FAR Limited has provided an update in relation to its previous announcements regarding:
- The Remus conditional non-binding indicative proposal of a potential offer from Remus Horizons PCC Limited to acquire 100% of the shares in FAR at 2.1c cash per share.
- The proposed sale by FAR of its interest in the RSSD project to Woodside Energy (Senegal) BV subject to FAR shareholder approval and certain other conditions.
FAR cautions that the Remus Proposal is not a legally binding offer, there is no certainty that the Remus Proposal will necessarily eventuate, and the Remus Proposal terms are uncertain at this stage.
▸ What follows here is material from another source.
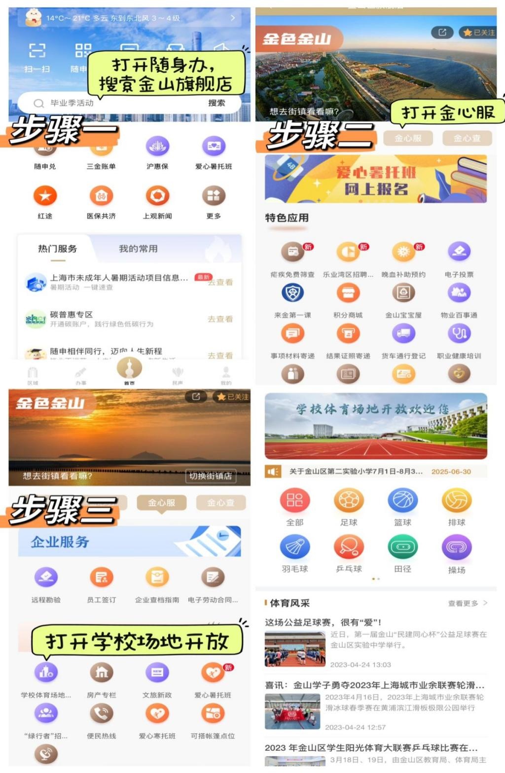 市民只需打开“随申办”App,进入“金山区旗舰店—金心服—学校体育场地开放”,即可查看全区校园场地开放详情。点击想要开展的体育项目,系统会自动展示距离最近的学校场地信息。在开放时间段内,出示“随申码”或身份证即可入校。

Accordingly, care needs to be used in assessing the Remus Proposal at this time. The Remus Proposal is conditional on the Woodside Sale not occurring.
Subject to the qualification in the paragraph above, FAR has obtained further information from Remus in relation to the Remus Proposal as follows:
- Remus is presently finalising the funding arrangements in advance of making the proposed offer.
- The only internal and regulatory approval required to proceed with the offer is the final approval of the Remus Board and final review and confirmation of documentation.
- Remus is presently satisfied that it will not need to undertake any further due diligence on FAR.
- FIRB approval is not required and any offer made will not be conditional on FIRB approval.
- Any proposed offer is expected to be subject to a requirement that Remus achieves a controlling interest in FAR together with other customary conditions.
In these circumstances, FAR has determined to further postpone the shareholder meeting to consider approving the Woodside Sale currently scheduled for 21 January 2021 to 10.00 am on 18 February 2021.
This will enable further time for FAR shareholders to see if the Remus Proposal eventuates, if so assess its merits, and consider the Woodside Sale on the basis of more detailed information. FAR will in due course distribute updated meeting information in this regard. FAR is not presently inclined to further postpone the shareholder meeting to consider updates in relation to the Remus Proposal.
In the meantime, FAR is continuing to advance negotiations with Woodside in relation to the form of the Woodside Sale proposed contractual documentation following Woodside’s pre-emptive rights exercise.
FAR advises that it is in the process of paying the RSSD project November 2020 cash call (US$8.96 million plus interest) and the December 2020 cash call (US$6.48 million plus interest). Following these payments, FAR’s cash position is approximately US$10.3 million.